Antimatter in the Universe
Both matter and antimatter were created during the early moments of the Big Bang, but it's believed that the antimatter currently in the Universe is not left over from this event. This is because matter and antimatter appear to have mutually annihilated in the high-density environment about a minute after the Big Bang, leaving one part of normal matter from a billion parts of the original matter-antimatter mix. No one currently knows why the early Universe showed a preference for matter at the cost of antimatter (this is one of the hints mentioned earlier), but here we are.
These days, antimatter is created everywhere in the Universe that is sufficiently hot or where high-energy particle collisions take place. Supernovae, pulsars, neutron stars, black hole accretion discs, and quasars – even planetary thunderstorms are known to be sources of antimatter.
The main source of cosmic positrons is the interaction of high energy cosmic rays colliding with interstellar gas and dust. These are called secondary positrons, because they are generated as a product of the primary cosmic ray collisions. Those we see are typically produced within a few thousand light years of our Solar System, as positrons from more distant sources lose energy and eventually are trapped before they can reach Earth.
This source of electron-positron pairs peters out for positrons with energy over a few GeV. The balance works out so the the ratio known as the positron fraction (the number of positrons detected divided by the total number of electrons and positrons detected at that same energy) decreases steadily for positron energy more than about one GeV.
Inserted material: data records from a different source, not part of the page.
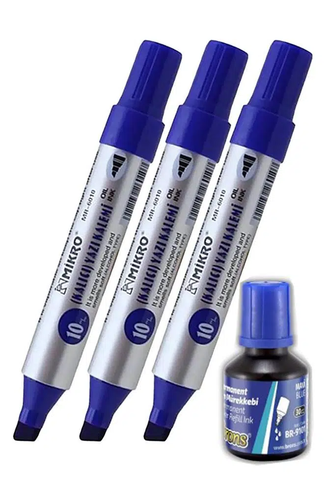 | Etiketler | Mavi 10 mm Kesik Uçlu Markör Permanent Kalem 3 Adet ve Mavi Mürekkep 1 Adet Çuval Koli Kalemi |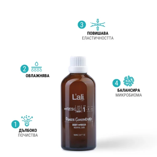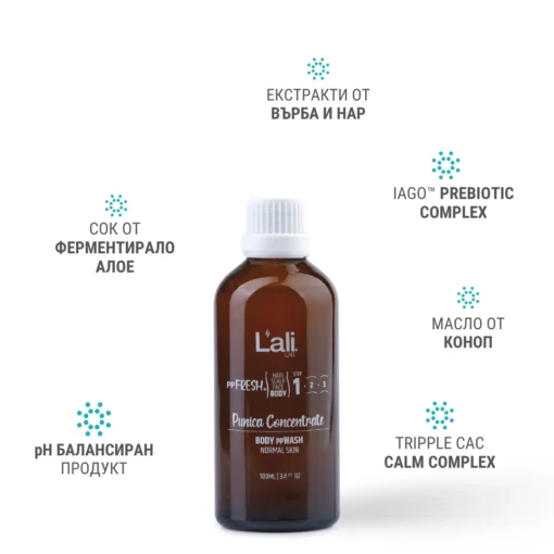 Punica Concentrate BODY ppWASH Серия: ppFRESH® Обем: 100мл Всяка грижа започва с почистване. Предназначена за премахване на замърсявания от кожата на тялото. Използвай за отстраняване на негативните последствия от съвременния начин на живот, стресорите от околната среда и замърсяванията.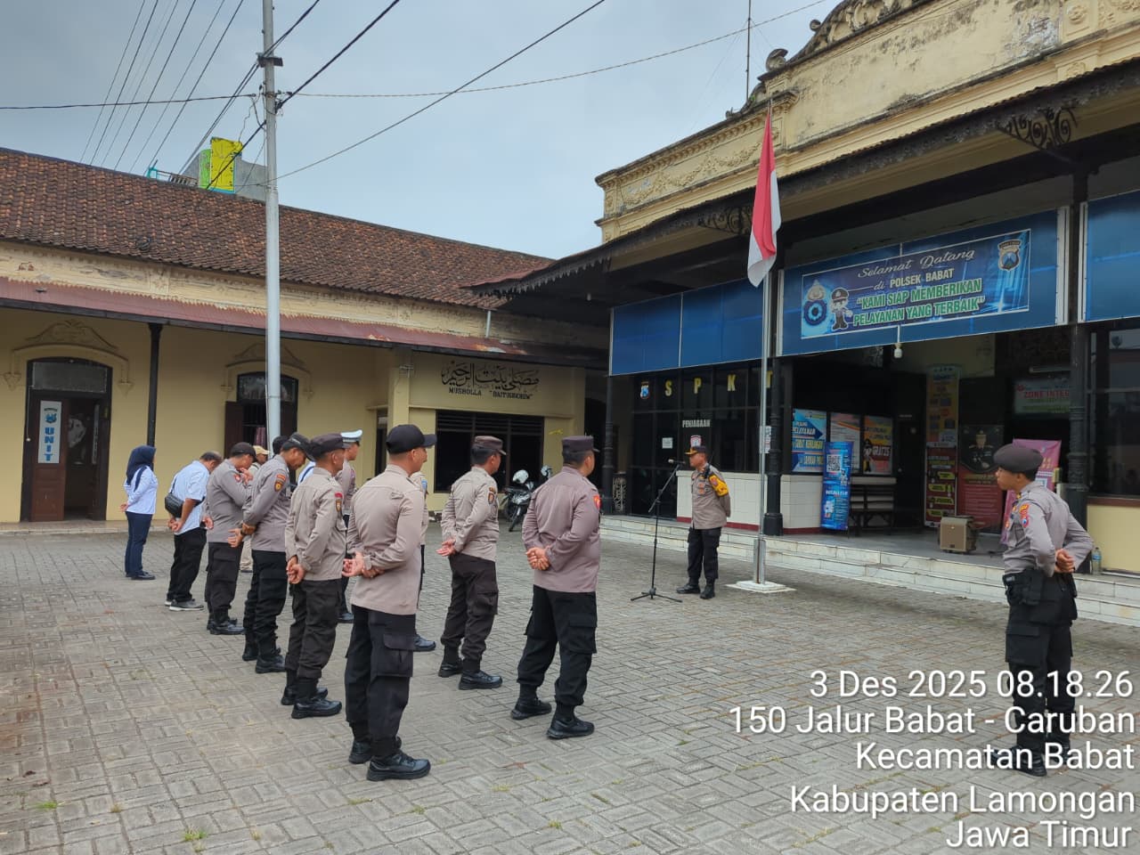 KapInformasiindo.com//LAMONGAN – Polsek Babat, Polres Lamongan, melaksanakan apel pagi rutin di Mako Polsek Babat pada hari Rabu, 3 Desember 2025, pukul 08.00 WIB. Apel pagi ini dipimpin langsung oleh Kapolsek Babat, Kompol Chakim Amrullah, S.H., M.H., dan diikuti oleh 15 personel Polri.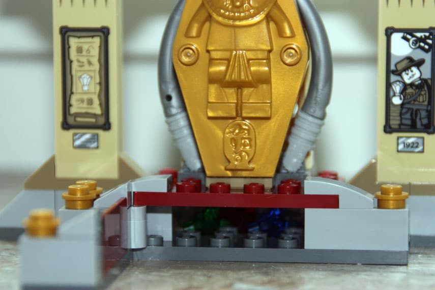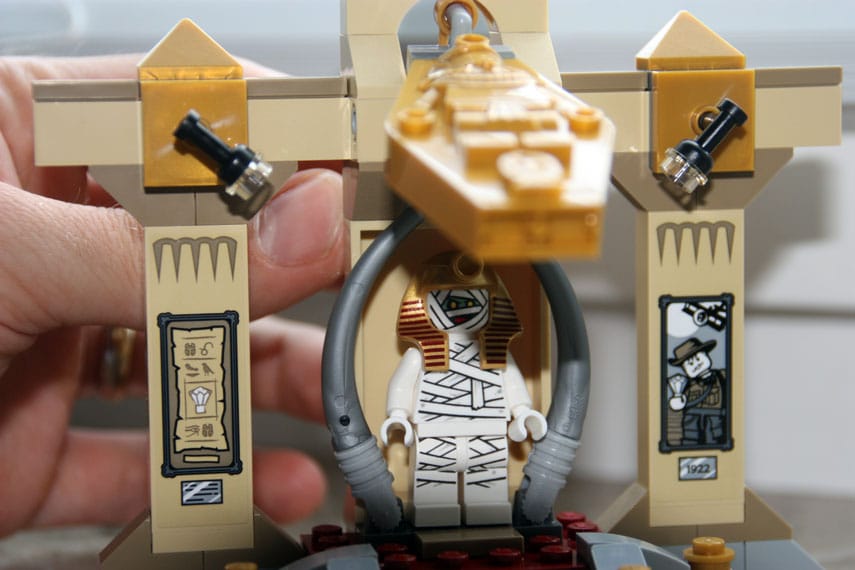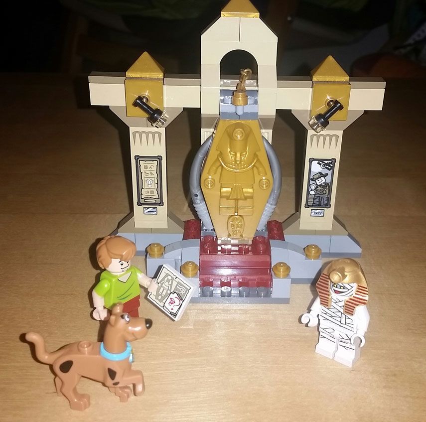 Der Spaß beim Aufbauen kam trotz der wenigen Steine nicht zu kurz, da selbst bei dem kleinsten Set nette Features verbaut wurden. So lässt sich die Mumie in dem Sarkophag verstecken, welcher sich über eine Kette, an deren Ende ein Hamburger befestigt ist, öffnen lässt. Ja, ihr habt richtig gehört: ein Hamburger. Desweiteren lässt sich der Fuß des Podestes mit dem Schatz des Pharaos aufklappen. Abschließend gilt es noch zu sagen, dass zu dem Set drei Minifiguren gehören: Shaggy, Scooby Doo (stehend) und die Mumie.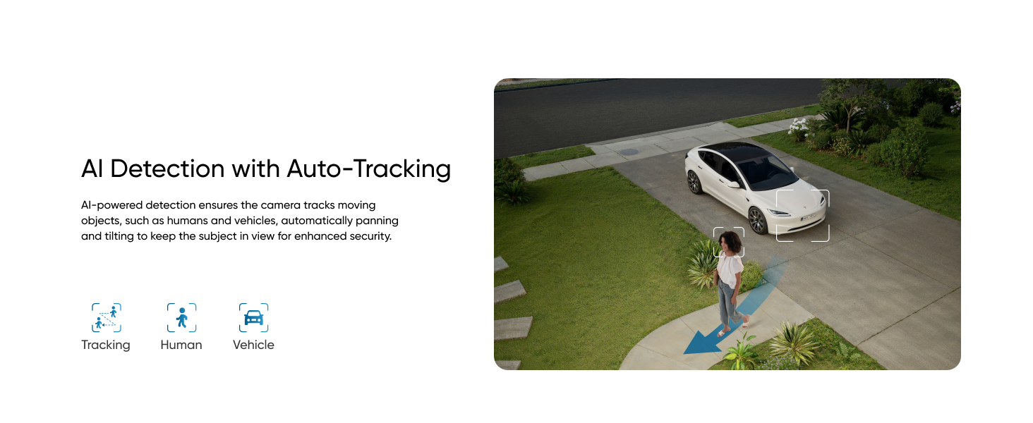 Es handelt sich um eine PTZ-Kamera, die eigentliche Kameraeinheit ist somit beweglich. Beworben wird die Möglichkeit zur KI-gestützten Verfolgung von Bewegung, die Drehung ist um 360° möglich. Die Kamera soll Bewegungen auch außerhalb des Aufnahmebereichs detektieren und sich dann entsprechend bewegen können, somit ergibt sich Herstellerangaben zufolge eine komplette Überwachung.
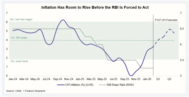 The inflation trajectory has since shifted. CPI inflation rose from 0.71% in November 2025 to 2.7% in January 2026, then 3.2% in February, and 3.4% in March. While these levels remain within the RBI's 2% to 6% tolerance band, the direction is upward. The RBI has projected CPI inflation for FY27 at 4.6%, with a quarterly breakdown of 4.0% in Q1, 4.4% in Q2, 5.2% in Q3, and 4.7% in Q4. The Q3 spike, coinciding with the post-monsoon period, reflects anticipated food price pressures.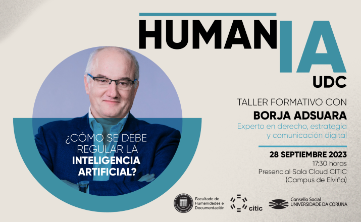 A Coruña, 28 de setembro de 2023.- Hoxe xoves, 28 de setembro, ás 17:30 horas, terá lugar na Sala Cloud do Centro de Investigación en Tecnoloxías da Información e as Comunicación da UDC (CITIC) o primeiro dos obradoiros organizados polo Consello Social e a Facultade de Humanidades da UDC en colaboración co propio CITIC, baixo o título ‘HumanIA UDC: O desafío para as Humanidades en tempos da Intelixencia Artificial’.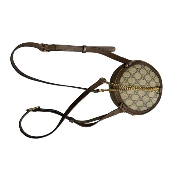This pre-owned Gucci Ophidia mini backpack is a stylish addition to any women's wardrobe. The exterior is made of beige canvas with the iconic Gucci GG pattern and brown leather accents on the handle and straps. It features a spacious interior lined in brown with a zippered pocket for added organization.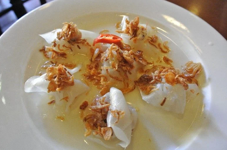 쫄깃한 흰색 피 안에 돼지고기와 새우가 들어 있는 베트남식 물만두.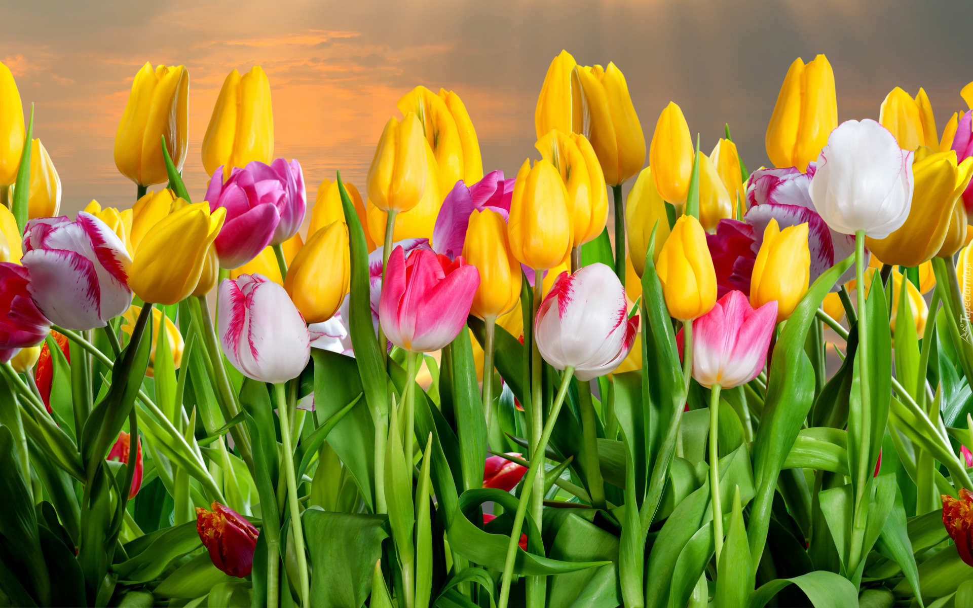 Edytor tapety: Tulipany, Niebo, Promienie, Słońca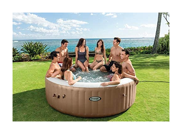 La Spa Intex 28412 è ampia, può contenere fino ad 8 adulti ed è dotata di maniglie per spostarla agevolmente, telo di copertura per mantenere l'acqua pulita e in temperatura, e di pannello di controllo per la gestione delle funzioni.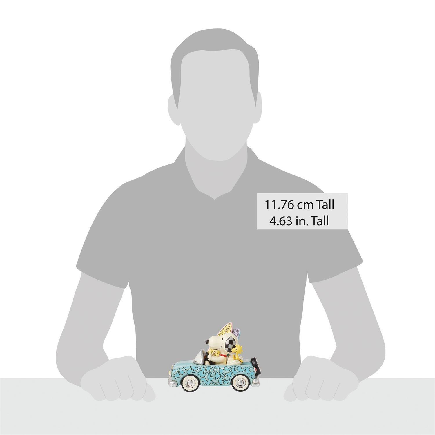 Snoopy's got the wheel in this delightful Jim Shore creation, he and Woodstock head to the beach in an eye-catching convertible full of surfboards. The pair prepare to catch some waves in the groovy car patterned with enchanting rosemaling detail.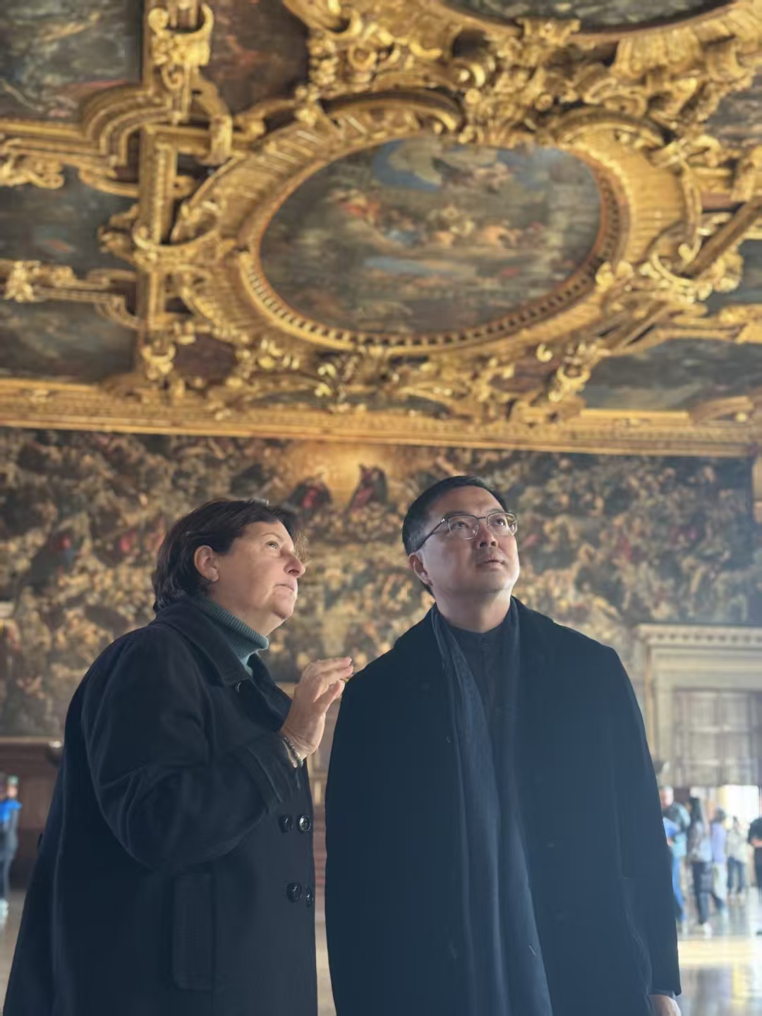 (威尼斯市立博物馆馆长Chiara Squarcina向尚荣副院长介绍大会议厅所陈列展示的文化)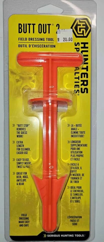 This Butt Out 2 field dressing tool from Hunter Specialties is super handy for hunters. It makes field dressing deer, hogs, antelope, and bear way easier. Features extra length for cleaner use. Just insert, twist, and pull.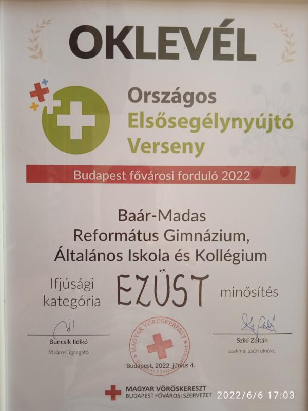 oklevél - fővárosi forduló II. helyezés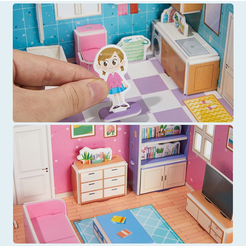 4 Buah Set 3D Puzzle Mainan Edukasi Anak Perempuan Laki Seri Interior Rumah Besar DIY Hadiah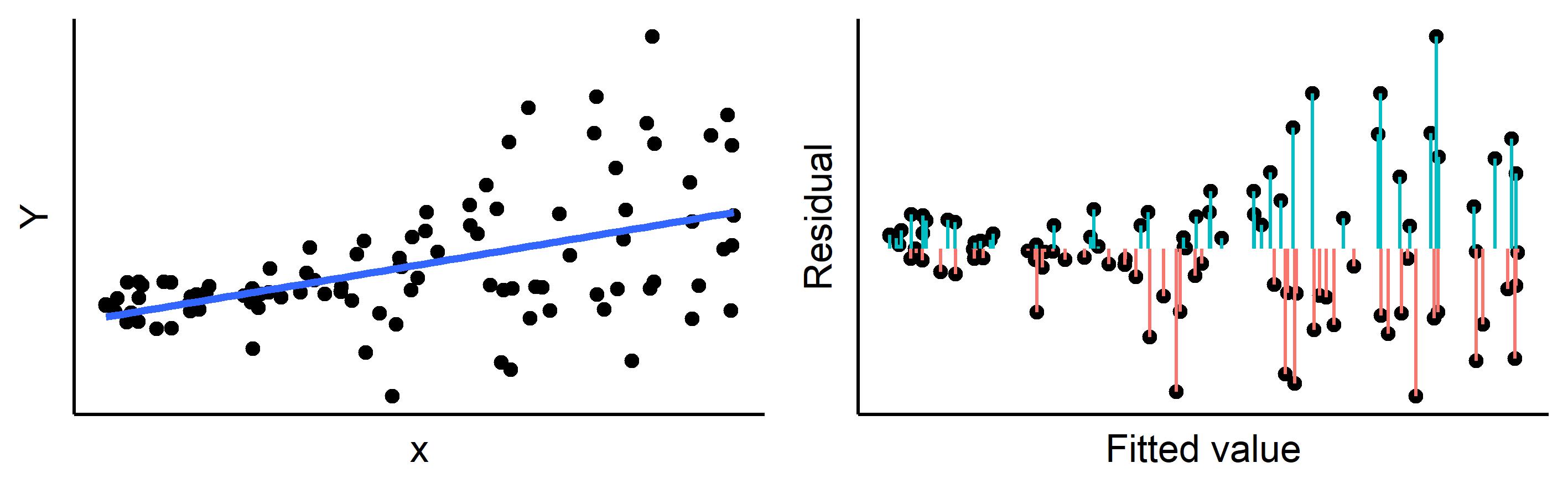 Here, we can see that as \(x\) increases, so does the variance of the residuals. This leads to a fanning out pattern in the residual vs fitted plot.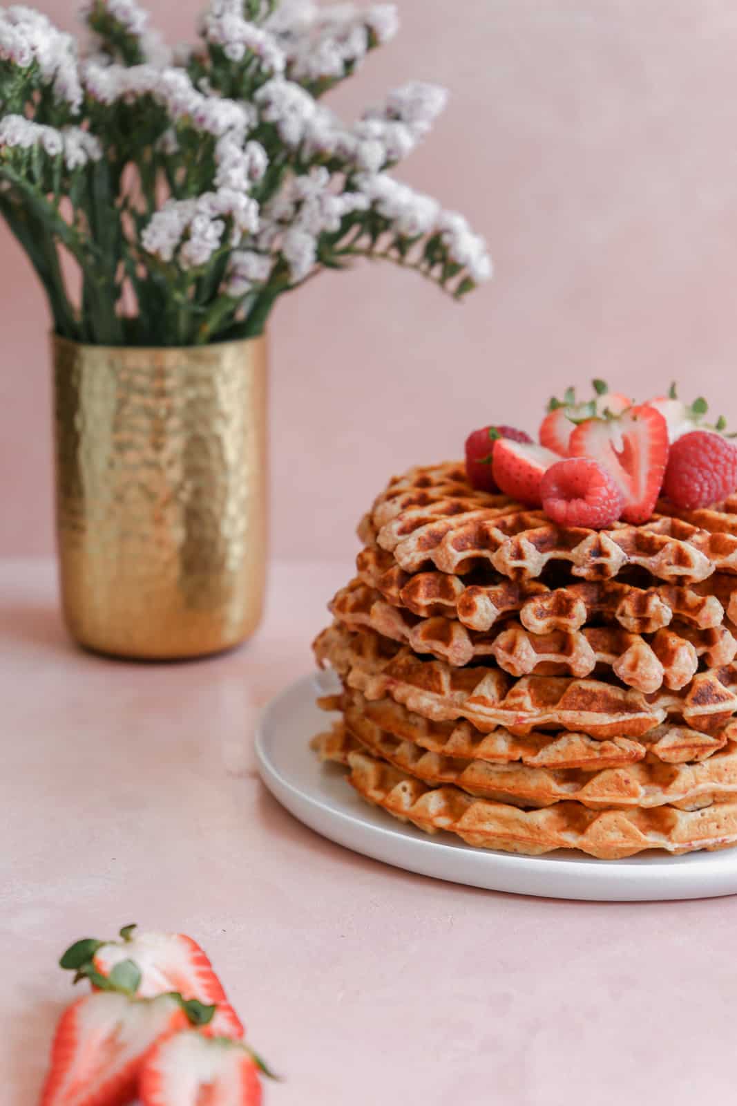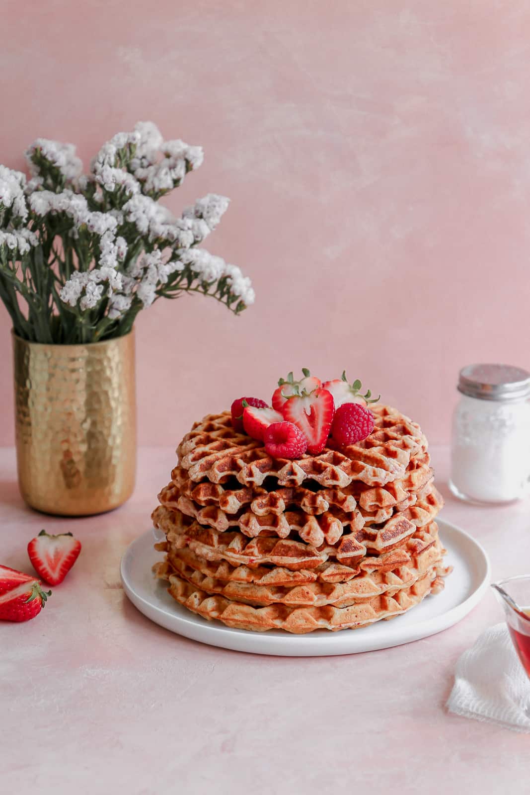 While testing these waffles I struggled on getting the consistency of crispy on the outside, chewy on the inside right- but Im happy to report that after testing 5 times (!!!) I got it.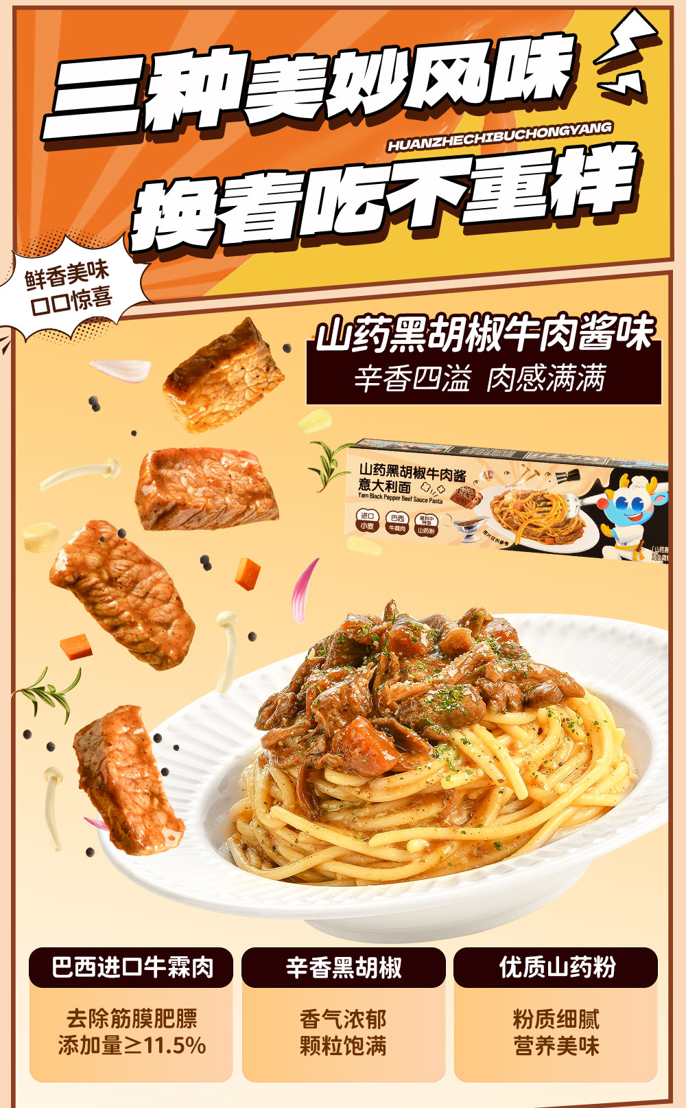 【肉酱意面】山药黑椒牛柳酱/益生元咖喱鸡丁酱/鸡内金黑松露培根酱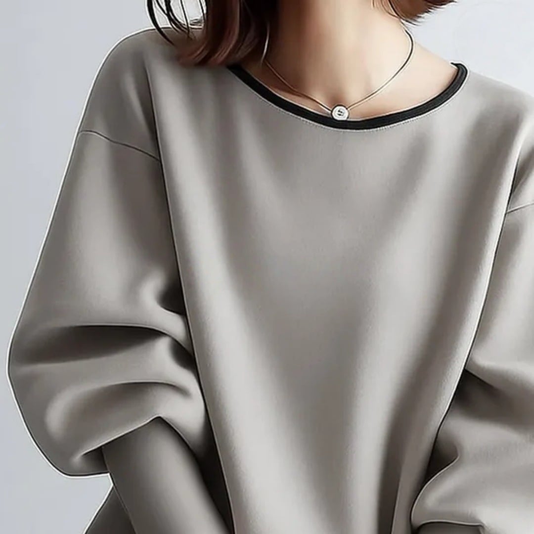 大人可愛い「バイカラー トリム 長袖 ルーズ トレーナー」のご紹介です!こちらのトレーナーは、春・秋・冬のさまざまなシーンで活躍する、シンプルでおしゃれなアイテムです☆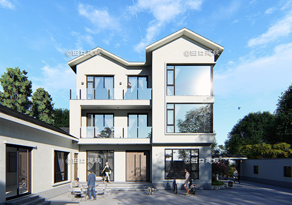 占地面積 142.4㎡ 土建造價 60.0萬 帶底商三層美式別墅

Experimental studies of the positron fraction in either the upper atmosphere or in space have been carried out since the 1960s. These have suggested that the decrease of the positron fraction with increasing energy slows beginning at a few GeV, and then the positron fraction roughly doubles as the energy approaches 100 GeV. At this point the positron fraction is over ten percent, which is quite a lot of antimatter, suggesting that another source of high energy positrons must be active in our galactic neighborhood.
The Alpha Magnetic Spectrometer (AMS)
The Alpha Magnetic Spectrometer (AMS) got its original impetus from American politics. In 1993, the U.S. Congress cancelled construction of the Superconducting Supercollider (SSC), which was to have a design energy of 20 TeV (producing 40 TeV proton-proton collisions). This cancellation left a very large tunnel in Texas (now being used to house a data center), and dramatically reduced the opportunities for discovering new particles and new physics until the 2010 advent of the substantially less powerful LHC.
Partially in response to the SSC cancellation, Nobel Laureate Prof. Samuel Ting of the MIT Department of Physics proposed in 1995 that NASA construct and launch the space based Alpha Magnetic Spectrometer. The AMS is in essence a very capable particle detector whose purpose is to investigate extreme matter in the universe by carefully measuring the properties of very high energy cosmic rays. To do so, it is designed to discriminate particles from electrons to nuclei at energies up to 2,000 GeV.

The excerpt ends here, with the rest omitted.